Dessau, once capital of the Free State of Anhalt, lies at the junction of the Mulde with the Elbe. The Princes of Anhalt fostered literature and the arts, and the town developed into a considerable cultural center. The Bauhaus, the 20th century's most celebrated school of design, was based in Dessau from 1925 until its closure in 1932.
The Luisium in Dessau is an intimate English-style garden (by Johann Friedrich Eyserbeck, 1780), with a house in the style of an Italian villa (by Friedrich Wilhelm von Erdmannsdorff, 1774-77). It is lavishly decorated with arches, colonnades, temples, statues, monuments, grottoes, a Chinese bridge and an orangery.
23km/14mi southeast of Dessau is Gräfenhainichen, birthplace of the greatest Protestant hymn-writer Paul Gerhardt (1607-76), with the neo-classical Paul Gerhardt Chapel (1844) and the Paul Gerhardt House (1907-09; monument to Gerhardt by Friedrich Pfannenschmidt).

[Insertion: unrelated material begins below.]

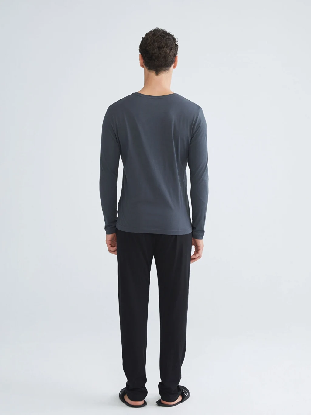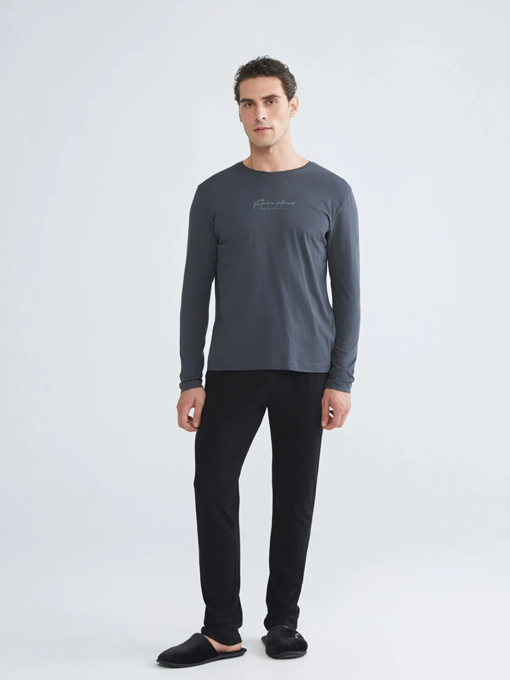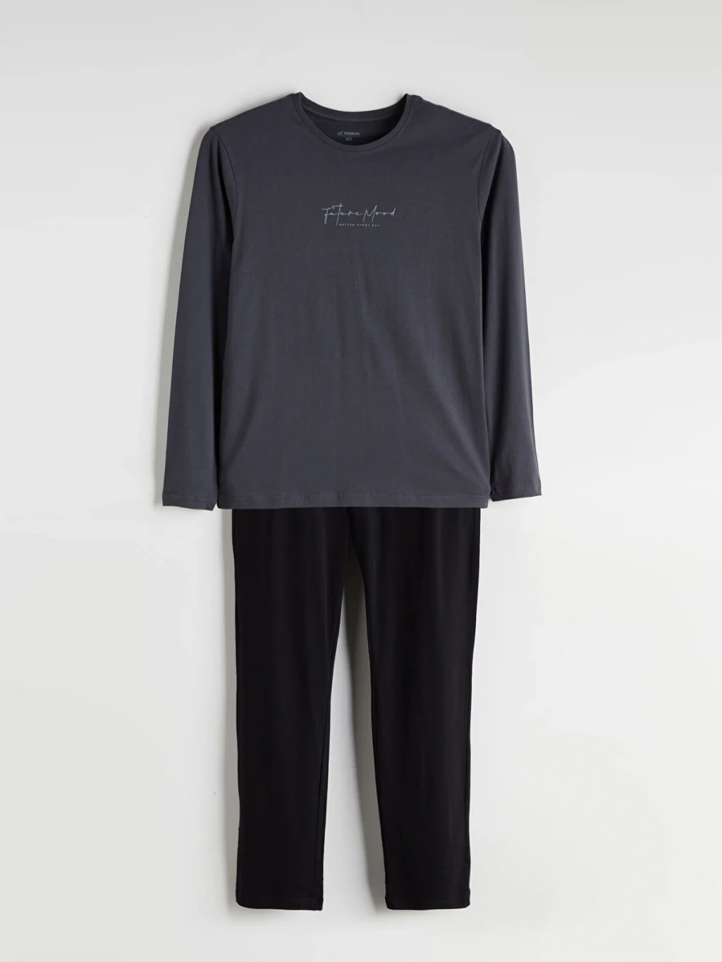 Penye kumaş erkek pijama takımı, bisiklet yaka ve uzun kollu baskılı bir üst ile düz bir pijama altından oluşmaktadır.

The Dessau Museum of Natural History and Prehistory (1746-50) is a reproduction of the Santo Spirito Hospital in Rome; its angular tower, 40 m/130ft high, was added in 1847. The collection covers geology, mineralogy, botany, paleontology and zoology, with prehistoric material from the districts of Dessau, Rosslau and Köthen.
Address: Natural History Museum, Askanische Strasse 30-32, D-06842 Dessau, Germany
Rosslau, 6km/4mi north of Dessau, on the Elbe, has a castle built in 1215. Other features of interest are the cemetery gateway (1822) and the Innungsbrauhaus (Guild Brewhouse; 1826), both by Gottfried Bandhauer.
The Georgenkirche (1712-17) is in Dutch Baroque style; one of the architects involved was Carlo Ignazio Pozzi. Its most notable features are the three-story onion-domed tower and the mansard roof on an elliptical plan.
Thiessen, 16km/10mi north of Dessau, boasts a water-powered copper-works of around 1600, one of the oldest and best-preserved of its kind (now a museum).